▶ Data segment:
........
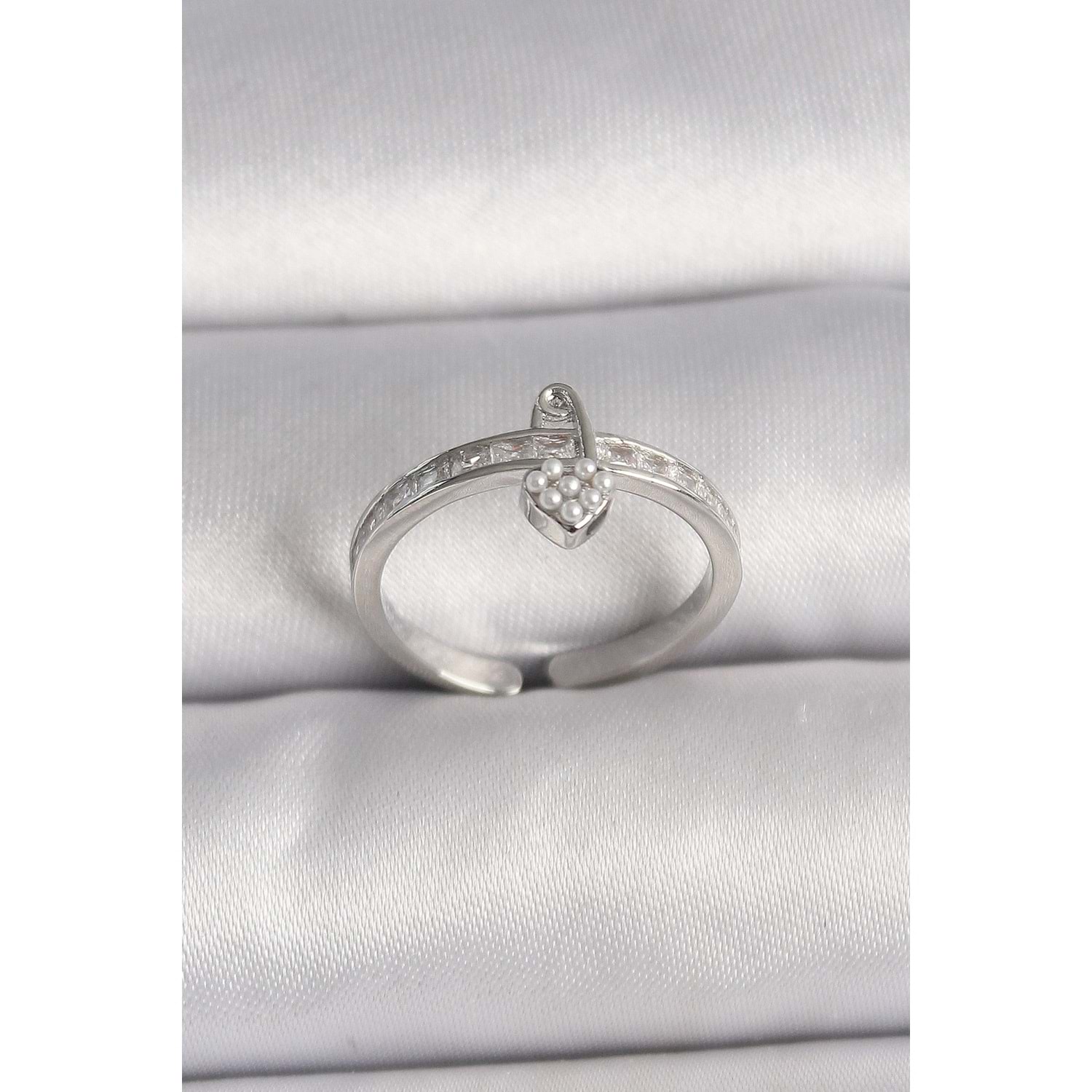 Pirinç Gümüş Renk Zirkon Taşlı İnci Detaylı Kilit Kalp Model Ayarlanabilir Yüzük
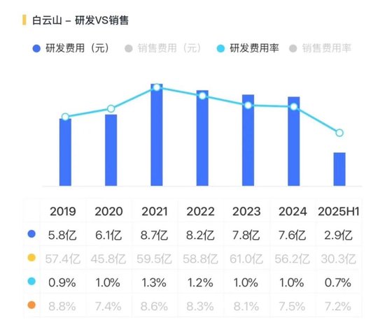 但与这一行业趋势形成反差的是,白云山并未对自家的研发“上强度”,今年上半年,研发费用化金额2.9亿,占营收比重仅为0.7%。
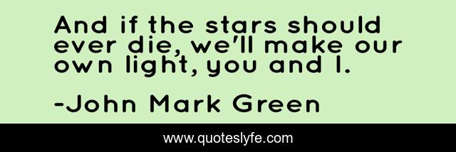 This page presents the quote "And if the stars should ever die, we'll make our own light, you and I.". Author of this quote is John Mark Green. This quote is about lovers, love, romantic, relationship, light, passion, stars, affection,.
........
The data above should be restated exactly, with its images dropped.

▶ Answer section:
 Pirinç Gümüş Renk Zirkon Taşlı İnci Detaylı Kilit Kalp Model Ayarlanabilir Yüzük
 但与这一行业趋势形成反差的是,白云山并未对自家的研发“上强度”,今年上半年,研发费用化金额2.9亿,占营收比重仅为0.7%。
 This page presents the quote "And if the stars should ever die, we'll make our own light, you and I.". Author of this quote is John Mark Green. This quote is about lovers, love, romantic, relationship, light, passion, stars, affection,.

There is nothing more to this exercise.